Let me try the following:

completely remove query() from torch/cuda/streams.py.

Create a new torch/cuda/_stream_docs.py file, and use _add_docstr to add query() docs

import torch/cuda/_stream_docs.py in torch/cuda/__init__.py

I think it's slightly better to put the documentation near the code in torch/cuda/streams.py than in a separate torch/cuda/_stream_docs.py.

The _torch_docs.py is a special case because there are so many torch functions and torch/init.py is rather large.

facebook-github-bot

@mrshenli has imported this pull request. If you are a Facebook employee, you can view this diff on Phabricator.

ngimel · 2019-01-04T18:25:50Z

torch/csrc/cuda/Stream.cpp

+static PyObject * THCPStream_query(THCPStream *self) {
+  HANDLE_TH_ERRORS
+
+  THCPModule_setDevice(self->device);


Please use deviceGuard, you cannot just change device (context manager in the python implementation restored original device)

ngimel · 2019-01-04T18:28:42Z

torch/csrc/cuda/Stream.cpp

+  HANDLE_TH_ERRORS
+
+  THCPModule_setDevice(self->device);
+  return PyBool_FromLong(cudaStreamQuery(self->cuda_stream) == cudaSuccess);


THCudaCheck handles cuda errors, however, in your case you have to distringuish between cudaErrorNotReady (ok, return False) and all other cuda errors (something went wrong, error out), e.g. like here

pytorch/aten/src/THC/THCCachingAllocator.cpp

Lines 492 to 497 in 2d485ff

cudaError_t err = cudaEventQuery(event);

if (err == cudaErrorNotReady) {

break;

} else if (err != cudaSuccess) {

AT_CUDA_CHECK(err);

}

colesbury · 2019-01-04T19:38:25Z

High-level I think you should use at::cuda::CUDAStream and put the body of the query() in that class.

You can get a at::cuda::CUDAStream stream from self->cdata via at::cuda::CUDAStream::unpack(cdata)

Natalia's comments are still relevant, they should just be applied to the new at::cuda::CUDAStream::query() function.

… docs using torch._C._add_docstr

facebook-github-bot

@mrshenli has imported this pull request. If you are a Facebook employee, you can view this diff on Phabricator.

colesbury

LGTM. Can you verify that the docs work properly before landing.

It's something like:

# in pytorch dir
cd docs
pip install -r requirements.txt  # installs sphinx and stuff
make html  # or singlehtml for one page

You then need to run a HTTP webserver to view the HTML. If you're using a IPv6-only devserver you can use the Python script ~sgross/bin/serve.
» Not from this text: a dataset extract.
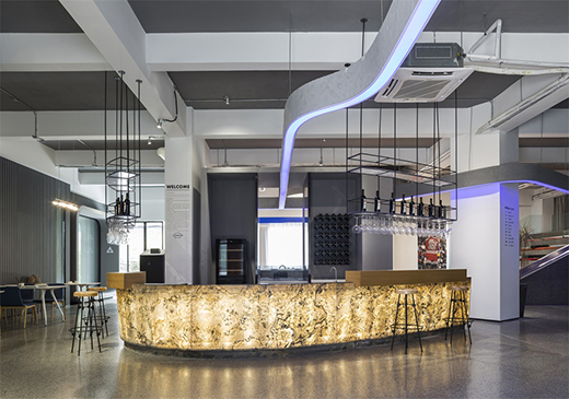 前台接待区与吧台设计融为一体,为了在建筑材料和设计细节上别出心裁,吧台由天然岩片拼接而成,配以暖色灯光,彰显公司文化的同时呈现家的温暖与朝气,使得整个环境给来往的访客和员工眼前豁然开朗的视觉感受。

mrshenli · 2019-01-04T22:04:41Z

@colesbury Thanks!

Yes, I checked the generated html files. Looks correct. Let me try serving it using a webserver.

update

docs looks good!

facebook-github-bot

@mrshenli has imported this pull request. If you are a Facebook employee, you can view this diff on Phabricator.

mrshenli · 2019-01-06T19:03:25Z

@yf225 HI Will, CI tests on MacOS systems encounter the following error (e.g., this one). Do you know if it is due to changes made in this PR?
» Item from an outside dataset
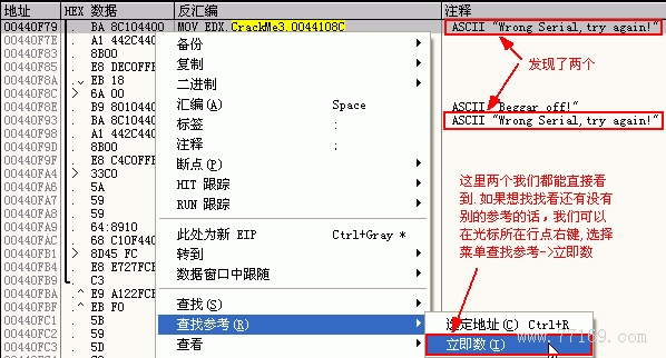 见上图,为了看看是否还有其他的参考,可以通过选择右键菜单查找参考->立即数,会出来一个对话框:

Error: Cannot install moreutils because conflicting formulae are installed.
  parallel: because Both install a `parallel` executable.

Please `brew unlink parallel` before continuing.

mrshenli · 2019-01-07T05:05:20Z

@colesbury Hi Sam, could you please help take another look at this PR. I reverted the changes to the point where we define query in torch/cuda/streams.py and call _query(). Otherwise, it would hit the following error on platforms without CUDA. It is because torch._C._CudaStreamBase is assigned a dummy type during initialization, and hence there is no query attr. (BTW, the naming mismatch in the log is because _dummy_type should use name instead of storage_name). I thought about only run _add_docstr(_CudaStreamBase.query, ...) when query is defined, but then query docs cannot be generated on non-cuda systems. I also tried adding query attr to the dummy type, which does not work either because THPModule_addDocStr will check the type of the attribute. Is this an appropriate solution, or any suggestions?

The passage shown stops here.